Besides being inordinately large, as I’ve said, he was very fair, with a crew-cut and mild blue eyes that, peering from behind thick lenses, gave him a wondering, child-like look; and this impression was enhanced by a soft baby-mouth and chin. He turned out to be curiously evasive when questioned about himself—but he was equally slow and hesitant in his reply on impersonal matters. He said he’d been trained to paint but he’d found his art was out of touch with the masses and he was now touring the Orient to see if he could find more satisfaction in humanitarian work. He’d been in Thailand only two-three weeks. He didn’t drink, smoke or swear, and at twenty-six was unmarried and unengaged. From the first Vilai, giving him the glad eye from behind a Veronica Lake hairdo she’d contrived for the evening, set out to undo the poor chap. He sat cuddling his fat breasts in his bare arms—he was shirtless, white and hairless—and eyeing her with bulging pale blue irises through the frameless pebbles. Once, when she left us for a minute, I said:
‘Have you ever been to the Bolero?’
‘No, but I’ve passed it.’
‘Why didn’t you go in?’
‘I was with friends. They wanted to go some place else.’
‘You oughtn’t to miss it. It’s educational.’
‘Yeah. My friends told me that. They said there was some whore there. Wonderful to watch her work.’
‘Did they tell you her name?’
‘Yeah. I guess they did. But I forget. Wait a minute, though—wasn’t it the White somep’n—’
‘The White Leopard?’
‘Yeah, yeah. I guess that’s right Is she as hot as they say?’

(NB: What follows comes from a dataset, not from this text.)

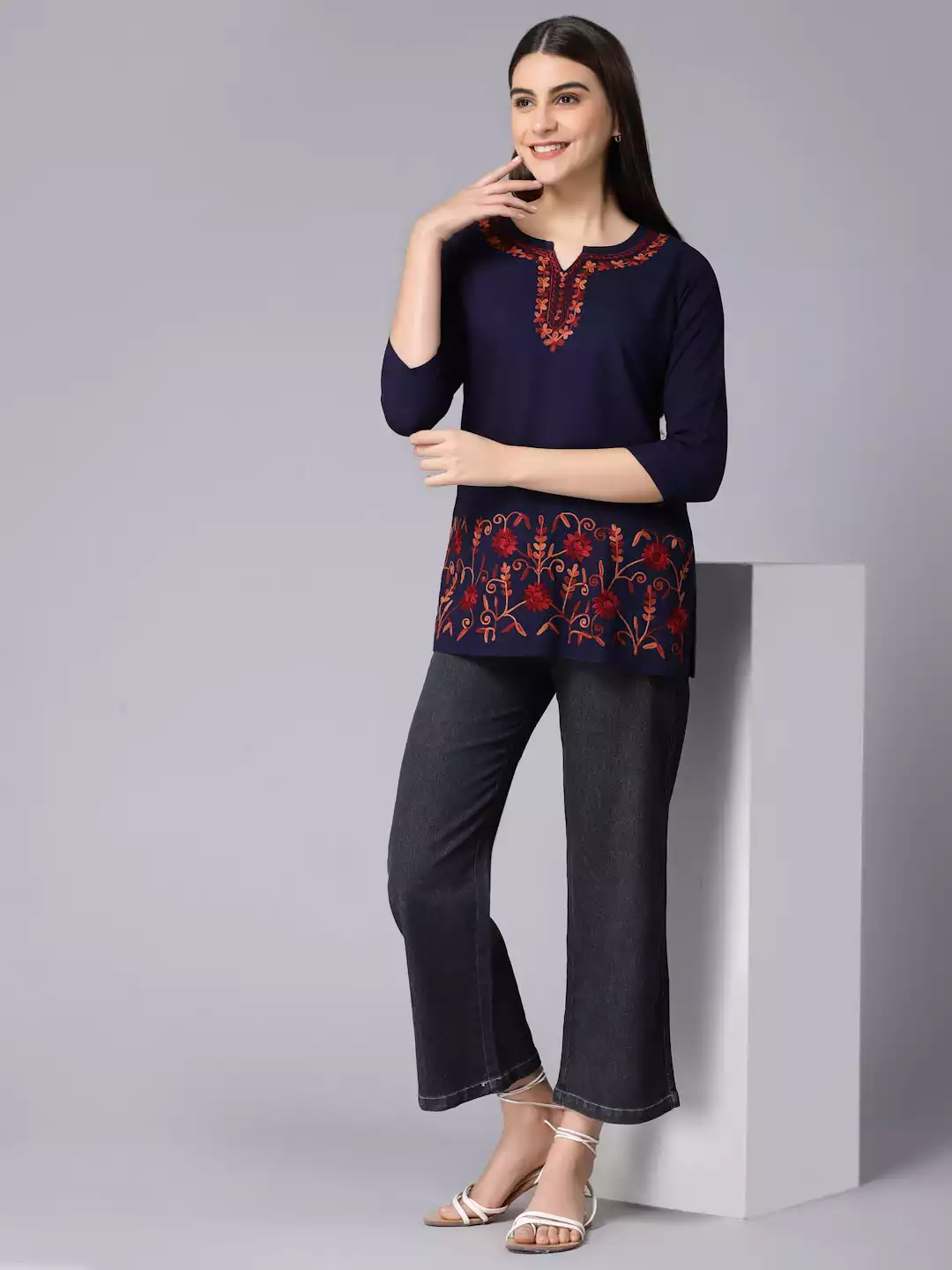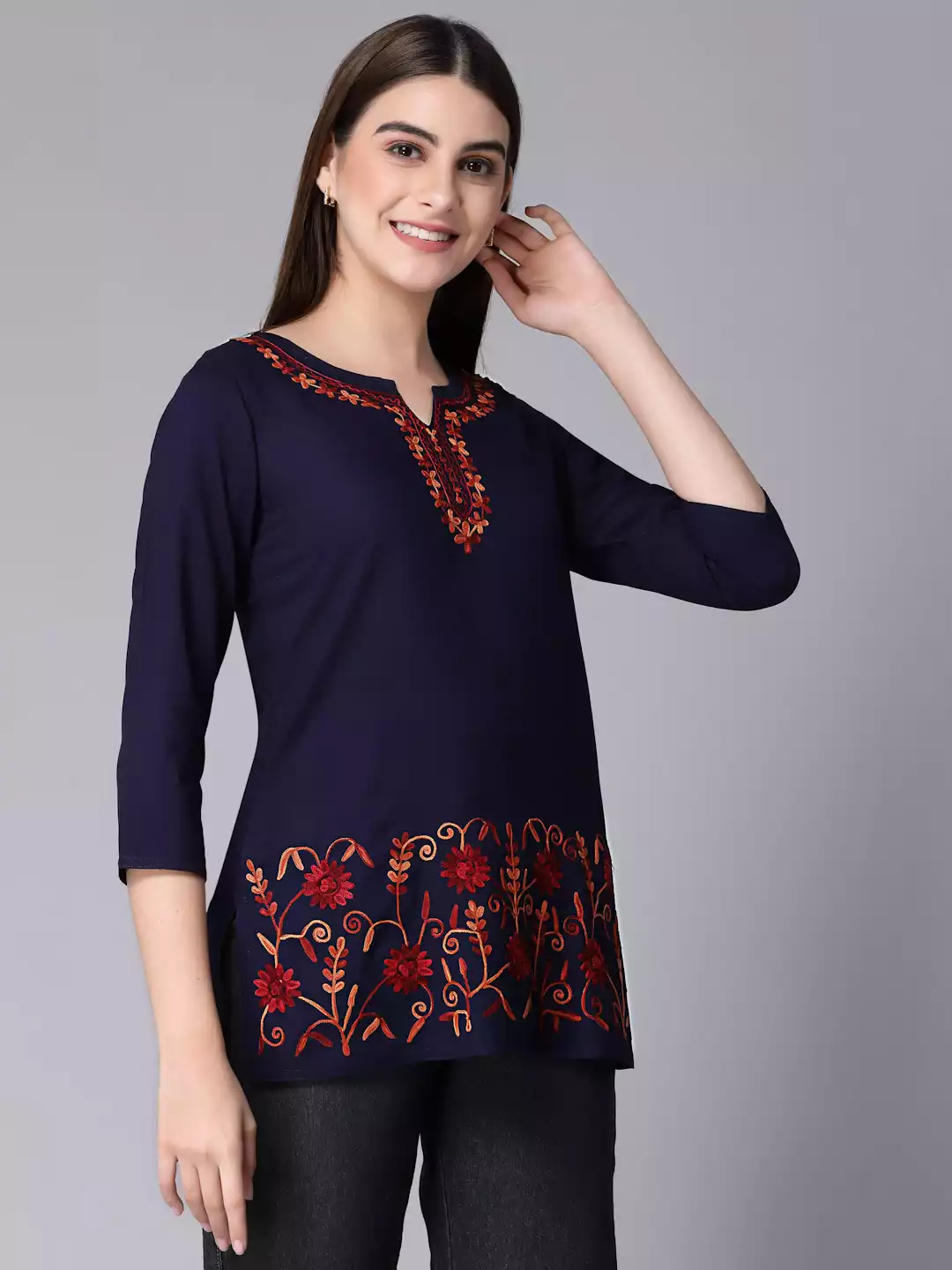 Blue Kashmiri Embroidered Short Kurti

‘Well, you ought to know, chum. She’s working on you
now
.’
His eyes bulged more than ever. He was breathless with excitement. ‘Is—
that—
the White Leopard?’
‘That’s her all right.’
‘Gee—
whizz
.’
Then Vilai returned with the gold bell tinkling. He looked at her as a rabbit might at a snake. After a few more minutes he got up, saying, awkwardly, ‘Well, I guess you two wanna push off.’ He pushed off himself. Vilai led the way to our room.
‘He like me very mutss,’ she said. ‘He not say, but I know. But he no good for Vilai. Young man neffer haff any money. First time he giff me maybe two hundred. Nex’ time he sink maybe he nice boy, I want he, he can haff for nussink. That no good.’
‘He knows all about you,’ I said, and repeated our conversation.
‘What he frand mean?’ she exclaimed indignantly. ‘I at Bolero, I neffer work to get man. Now I not work. No need. Too many man want me always … I not like he frand say that.’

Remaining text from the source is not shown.